Data provided
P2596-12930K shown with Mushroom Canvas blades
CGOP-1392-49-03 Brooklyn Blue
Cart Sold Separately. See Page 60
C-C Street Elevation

* * *

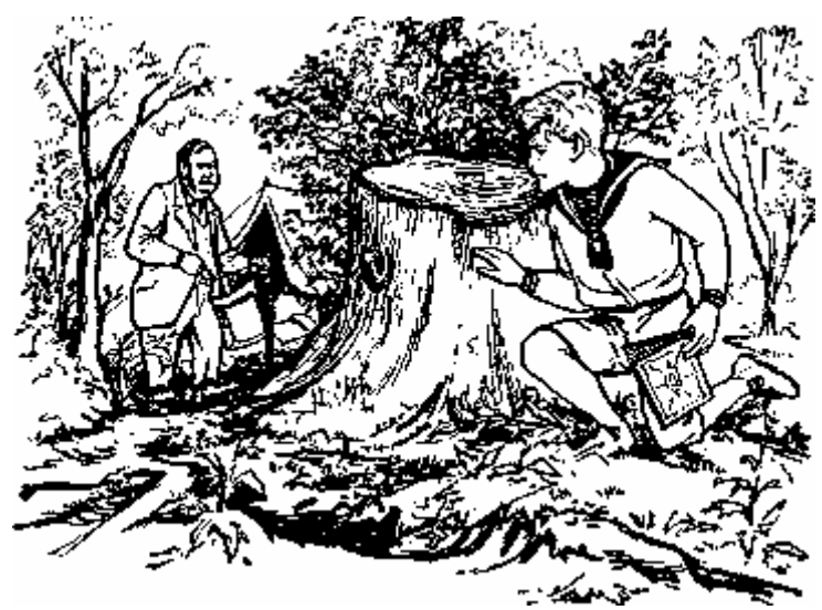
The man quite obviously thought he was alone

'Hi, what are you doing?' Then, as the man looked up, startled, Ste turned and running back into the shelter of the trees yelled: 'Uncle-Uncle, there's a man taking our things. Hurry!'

* * *

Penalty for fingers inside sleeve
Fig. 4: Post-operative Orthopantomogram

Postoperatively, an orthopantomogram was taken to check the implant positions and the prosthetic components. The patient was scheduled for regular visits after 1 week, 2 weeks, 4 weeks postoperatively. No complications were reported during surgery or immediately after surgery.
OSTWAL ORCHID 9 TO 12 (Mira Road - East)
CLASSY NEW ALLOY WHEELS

Task requirements
Starting at the line that has "Penalty for fingers inside sleeve" and ending at the line that has "CLASSY NEW ALLOY WHEELS", please write out the lines above exactly, leaving out all others.

Result for this task
Penalty for fingers inside sleeve
Fig. 4: Post-operative Orthopantomogram

Postoperatively, an orthopantomogram was taken to check the implant positions and the prosthetic components. The patient was scheduled for regular visits after 1 week, 2 weeks, 4 weeks postoperatively. No complications were reported during surgery or immediately after surgery.
OSTWAL ORCHID 9 TO 12 (Mira Road - East)
CLASSY NEW ALLOY WHEELS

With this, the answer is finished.